Sandy City's construction of sections 10-9-8 and -9, urging that "another body" means an entity from either the executive or legislative branch, would bring these sections into conflict with section 10-3-1209, which provides for separation between executive and legislative municipal functions. Accordingly, we hold that to construe these sections in harmony, the term "another body" is necessarily modified by section 10-3-1209 so that "another body" refers to an entity other than the legislative branch.[6]Cf. Sandy City, 827 P.2d at 221 (court refused to construe county ordinance in manner that would have granted quasi-judicial body legislative power; an "invalid delegation of power").
CONCLUSION
We conclude that the hearing of a conditional use permit appeal is necessarily an executive function. Because the Sandy City Council is a legislative body and is organized pursuant to the council-mayor form of government, it is without authority to hear the appeal from the Sandy City Planning Commission's decision granting Cottonwood the conditional use permit. We therefore affirm the trial court's ruling that Sandy City Council violated section 10-3-1209 of the Utah Code by appointing itself as the body to hear conditional use permit appeals.
JACKSON, J., concurs.
ORME, J., concurs in result.
NOTES
[1] Sandy City raises several other issues on appeal. However, because we affirm the trial court's ruling that Sandy City lacked the authority to hear conditional use permit appeals, we need not address those issues.

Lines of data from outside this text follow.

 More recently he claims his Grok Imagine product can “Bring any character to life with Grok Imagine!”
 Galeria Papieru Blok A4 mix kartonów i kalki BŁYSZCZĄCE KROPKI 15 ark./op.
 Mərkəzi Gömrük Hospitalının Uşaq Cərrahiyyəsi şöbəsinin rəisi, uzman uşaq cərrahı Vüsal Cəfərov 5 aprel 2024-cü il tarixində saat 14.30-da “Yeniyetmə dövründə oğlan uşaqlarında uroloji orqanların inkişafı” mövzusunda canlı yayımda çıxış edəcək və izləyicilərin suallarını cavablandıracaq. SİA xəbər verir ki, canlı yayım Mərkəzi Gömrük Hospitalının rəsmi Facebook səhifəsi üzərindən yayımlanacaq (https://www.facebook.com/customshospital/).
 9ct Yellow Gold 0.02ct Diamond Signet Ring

Regarding Sandy City's claim that the district court erred in resolving the dispute via a sua sponte legal determination, it should be noted that the district court heard the case pursuant to Utah Rule of Civil Procedure 65B(e). This rule, captioned as "Wrongful use of judicial authority or failure to comply with duty," provides that
(2) ... Appropriate relief may be granted:
(A) where an inferior court, administrative agency, or officer exercising judicial functions has exceeded its jurisdiction or abused its discretion;....
....
(4) ... Where the challenged proceedings are judicial in nature, the court's review shall not extend further than to determine whether the respondent has regularly pursued its authority.

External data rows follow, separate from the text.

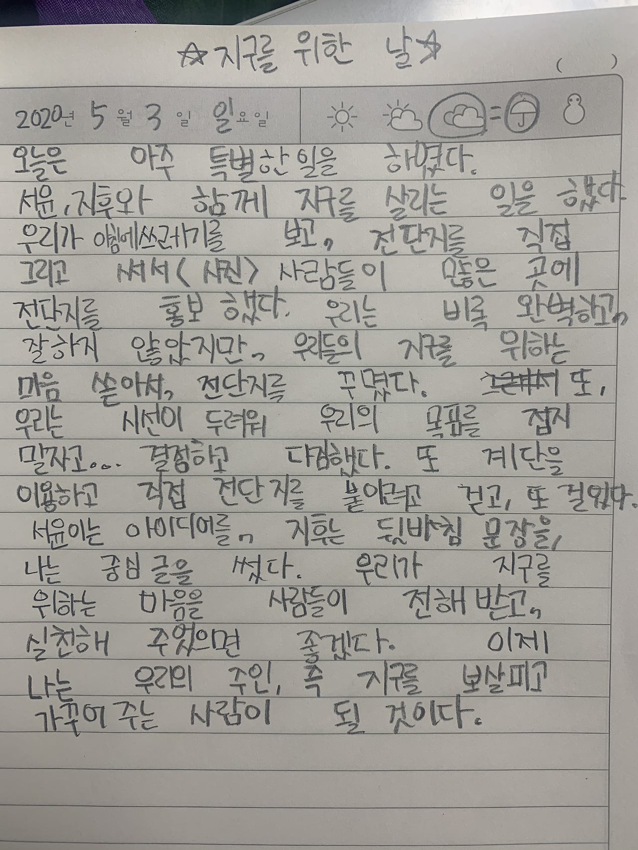 그렇게 20여장을 동네 곳곳에 붙이고,, 지구를 지켰다는 뿌듯한 마음을 가지고 집으로 돌아온다.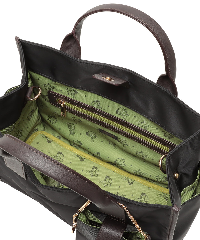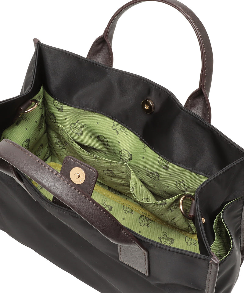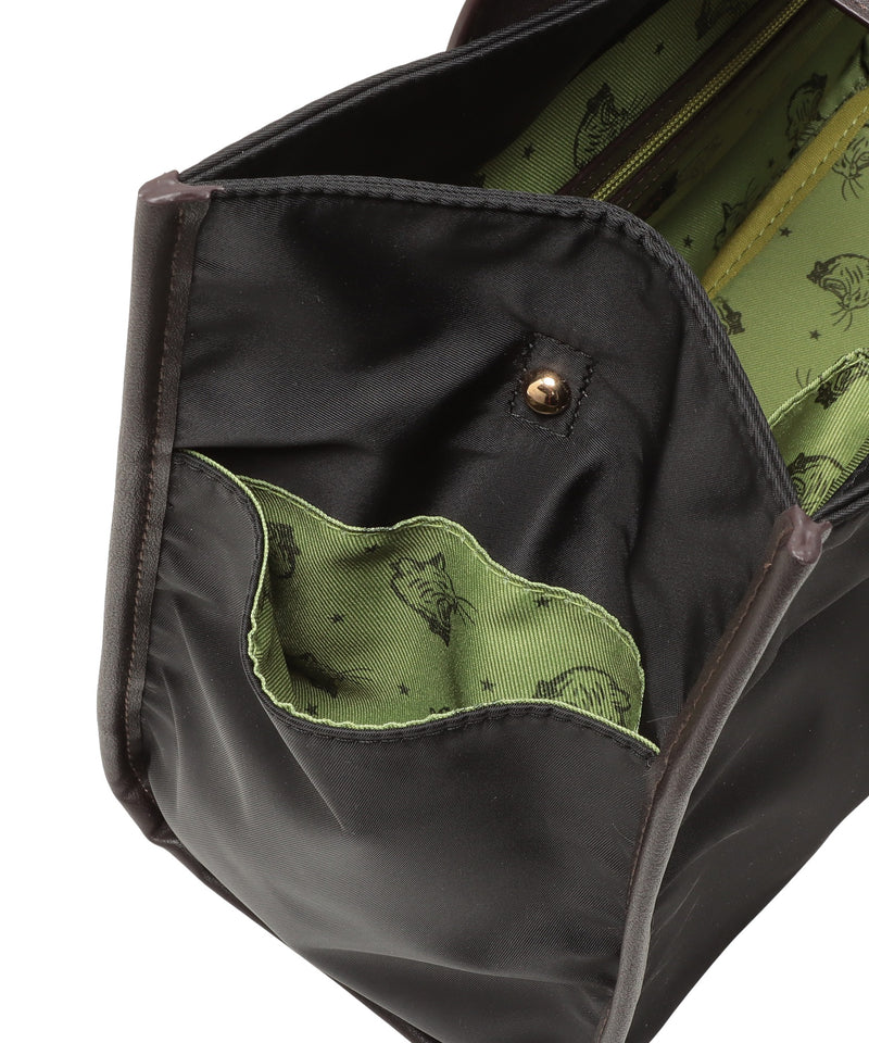 A4サイズが入るので通勤にもおすすすめのたっぷり感。裏地、インナーポーチに大きなあくびをするタロちゃんをプリントしました。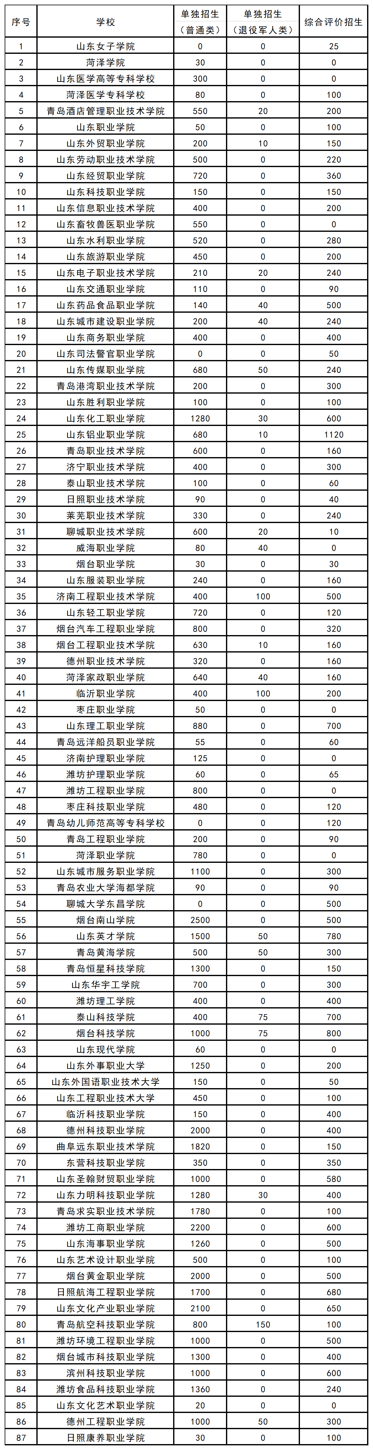 2025年山东省单招和综合评价招生院校如下:

In short, the district court considered whether the Council had "regularly pursued its authority." The district court therefore properly reached the issue of the Council's authority to hear conditional use permit appeals.
[2] Section 10-3-1209 is included within the "Optional Forms of Municipal Government Act." Utah Code Ann. §§ 10-3-1201 to -1228 (1992).
[3] The Council has already performed the legislative function by its passage of Sandy City Ordinance § 15-7-5, which the Commission was implementing.
[4] Recodified covering the same subject matter in Utah Code Ann. §§ 10-3-1201 to -1228 (1992).
[5] Language similar to the above two amending sections appears in the 1991 recodification and amendments to the Utah Municipal Code. See Utah Code Ann. §§ 10-9-407(2) & -704(2) (1992).
[6] Sandy City points to the House Floor Debate, where various legislators apparently state their intention to overrule Scherbel. While that may have been their intention, the plain language of the statutes reveals the action of the legislature did not accomplish that result. See Sandy City v. Salt Lake County, 827 P.2d 212, 221 n. 5 (Utah 1992).